### Problem description
Your output should be the records below, word for word and picture-free.

[Stored data]
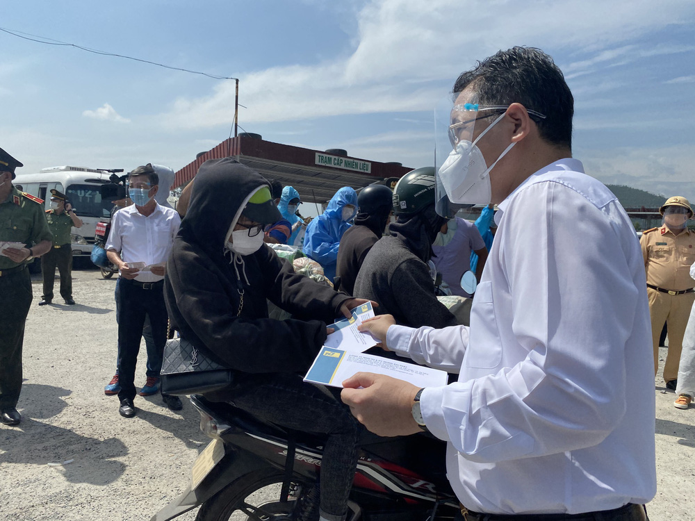 10/10/2021 22:31Bí thư Đà Nẵng đến hầm Hải Vân, phát tiền hỗ trợ cho người dân về quê
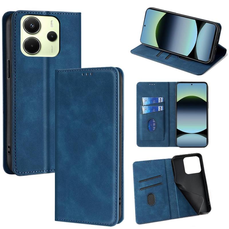 For Redmi Note 14 4G 163.25mm Skin Feel Magnetic Leather Phone Case(Blue)
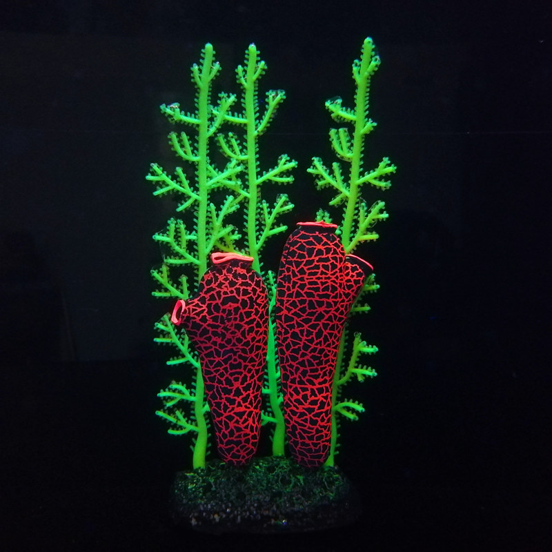 Akuarium kolam ikan simulasi pemandangan karang rumput laut pohon laut silikon rumput laut bercahaya neon simulasi pohon karang
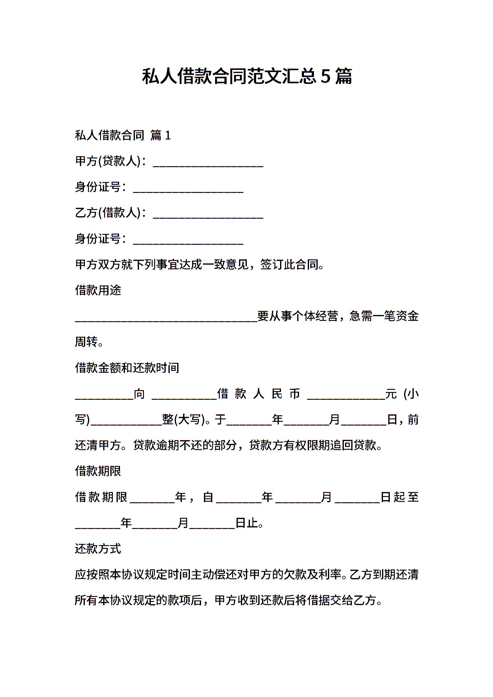 私人借款合同范文汇总5篇
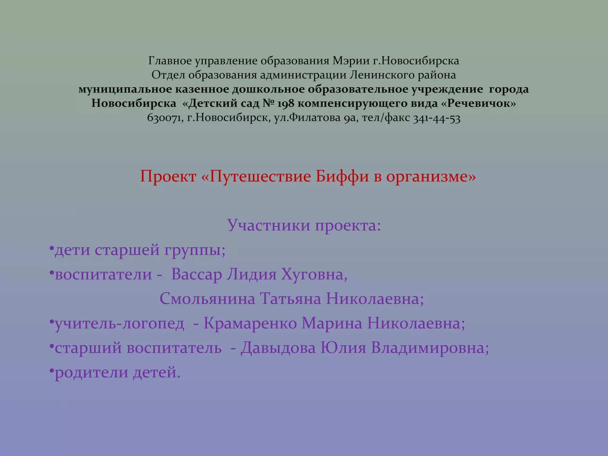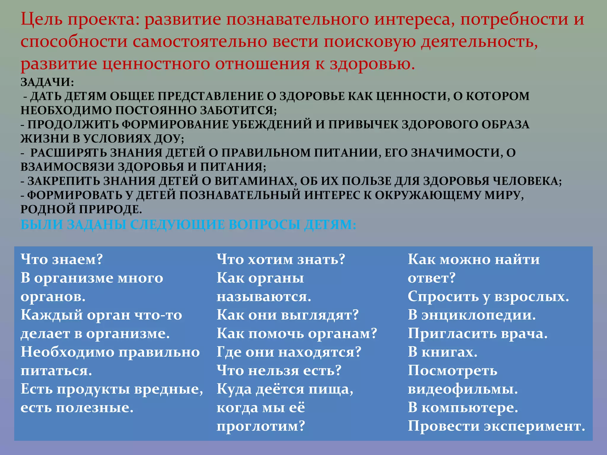 Документ описывает проект детского сада, направленный на развитие познавательного интереса детей к здоровью и правильному питанию. Участники проекта, включая детей, воспитателей и родителей, работают над созданием различных материалов и активностей, таких как игры и театральные постановки. Основные задачи проекта заключаются в формировании здоровых привычек и расширении знаний о здоровье у детей.

### Your solution
 10/10/2021 22:31Bí thư Đà Nẵng đến hầm Hải Vân, phát tiền hỗ trợ cho người dân về quê
 For Redmi Note 14 4G 163.25mm Skin Feel Magnetic Leather Phone Case(Blue)
 Akuarium kolam ikan simulasi pemandangan karang rumput laut pohon laut silikon rumput laut bercahaya neon simulasi pohon karang
 私人借款合同范文汇总5篇
 Документ описывает проект детского сада, направленный на развитие познавательного интереса детей к здоровью и правильному питанию. Участники проекта, включая детей, воспитателей и родителей, работают над созданием различных материалов и активностей, таких как игры и театральные постановки. Основные задачи проекта заключаются в формировании здоровых привычек и расширении знаний о здоровье у детей.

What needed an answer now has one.